Eliminate Pre-Conviction Probation and Supervision Except for Violent, DUI, or Serious Felony Offenders and Require Individualized Consideration
Supervision by the state of defendants who have not yet been convicted erodes the presumption of innocence and has unfortunately become routine in this country. The growth of the penal state over the last 50 years relied on risk assessing and the employment of government programs to trammel on individual civil liberties in the name of being free from jail rather than respecting such rights. Plus, the pre-disposition period, particularly in lower-level offenses, is so short that whatever is being done with the defendant will most certainly come to an abrupt end. Instead, jurisdictions are better o putting resources into diversion programs or post-conviction programs that will address criminogenic needs and reduce recidivism or putting their efforts in programs to divert defendants out of the criminal justice system after they are arrested.

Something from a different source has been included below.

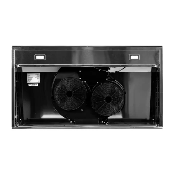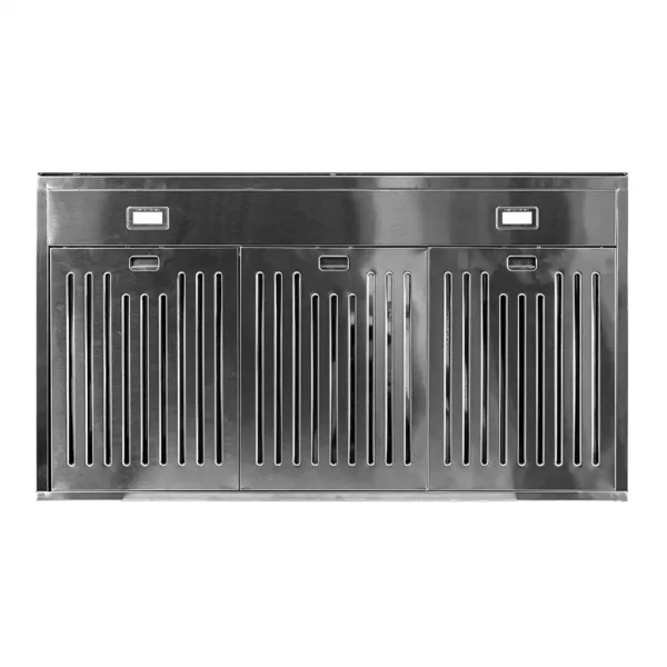 Характеристика: Материал корпуса — Нержавеющая сталь (S.S 430), Освещение — 2 × 1,5 Вт, LED, Управление — Сенсорное + управление жестами, Количество моторов — 2 × 100 Вт, Материал корпуса мотора — Пластиковый, Фильтры — 3 × 2-слойный Baffle + угольный фильтр, Дымоход — Отсутствует, Гибкая труба — 1.0 м, алюминиевая.

The drafters of the Judiciary Act of 1789 did not have electronic surveillance techniques available to them when they put the modern architecture of our court system together. There is no reason for them now on a pre-conviction basis, unless the state can make an individual showing. They are resource intensive and have not, since introduced, been revolutionary in reducing or solving pre-disposition crime.
All bail conditions of supervision or monitoring by the state should be individualized and not assigned by a computer or schedule.
They should be limited to a specific class of cases (i.e., violent or felony cases, or DUI cases—example: interlock devices). A prosecutor must demonstrate the need for such a condition and the court then must agree that such condition is necessary to meet the purposes for which bail is set in the first place.